# Ipad et consultation de fichiers synchronisés,hors connexion



## fifinou (11 Novembre 2012)

Bonjour,

Je suis propriétaire d'un macbook pro 2.53 Ghz sous Mac Os X 10.6.8
Je suis prof à domicile et j'aimerais m'acheter un Ipad pour m'éviter de trimballer partout mon ordinateur. 
Seulement, j'aimerais être sûr d'une chose avant cet achat.

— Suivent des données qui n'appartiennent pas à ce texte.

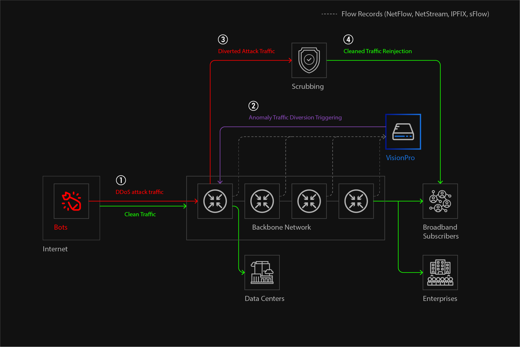 VisionPro 是为网络运营商 (ISP)、数据中心 (IDC) 及大型企业所打造的专业级网络流量分析及安全防护产品,它支持电信等级的网络规模与效能,并具备 99.999% 的电信级可靠度。内建网络流量智慧分析模型以及异常检测引擎,VisionPro 能提供强大的流量数据挖掘、快速的 DDoS 攻击防护、以及强性化的流量分析报表,提供电信网管人员优化策略的重要支撑数据。

Je prépare tous mes cours sous word ou PPt (j'ai le pack office pour Mac). 
Pendant mes cours, j'ai besoin d'avoir accès à ces fichiers hors connexion (je n'ai pas accès au wi-fi chez mes élèves). Pour le moment ils sont tous sur mon disque dur (avec une sauvegarde time machine bien sûr).
j'ai cru comprendre qu'avec dropbox ou icloud il était possible de synchroniser mes fichiers à la fois sur mon mac et sur l'ipad. Je sais que pour utiliser Icloud il faudra que je passe sous moutain Lion.
Pouvez vous me confirmer qu'il existe un moyen de transférer des fichiers word ou PPt sur un Ipad *et d'y avoir accès hors Wi-Fi *?? J'ai juste besoin de pouvoir les ouvrir pendant mes cours, pas de les modifier.
Est ce que passer par Icloud est la meilleure solution ? dropbox c'est comment ?
Merci d'avance pour vos réponses.


----------



## Lauange (12 Novembre 2012)

Bonjour

Oui, je le fais à partir de l'application goodreader. Je transfere les fichiers (word ou ppt) sur l'Ipad et je peux travailler avec sans être connecté par wifi.


----------



## fifinou (12 Novembre 2012)

Merci pour ta réponse.
je suis allé dans un apple store en septembre à Paris (j'habite outre mer) et le vendeur m'a raconté n'importe quoi. Il m'a dit que ce n'était pas possible mais je me disais bien qu'il y avait un truc qui clochait.
je vais étudier ça !

---------- Nouveau message ajouté à 11h20 ---------- Le message précédent a été envoyé à 11h13 ----------

par contre, j'ai oublié de te demander, tu passes par quoi pour transférer tes fichiers sur l'ipad ? Icloud ? dropbox ? autre ?


----------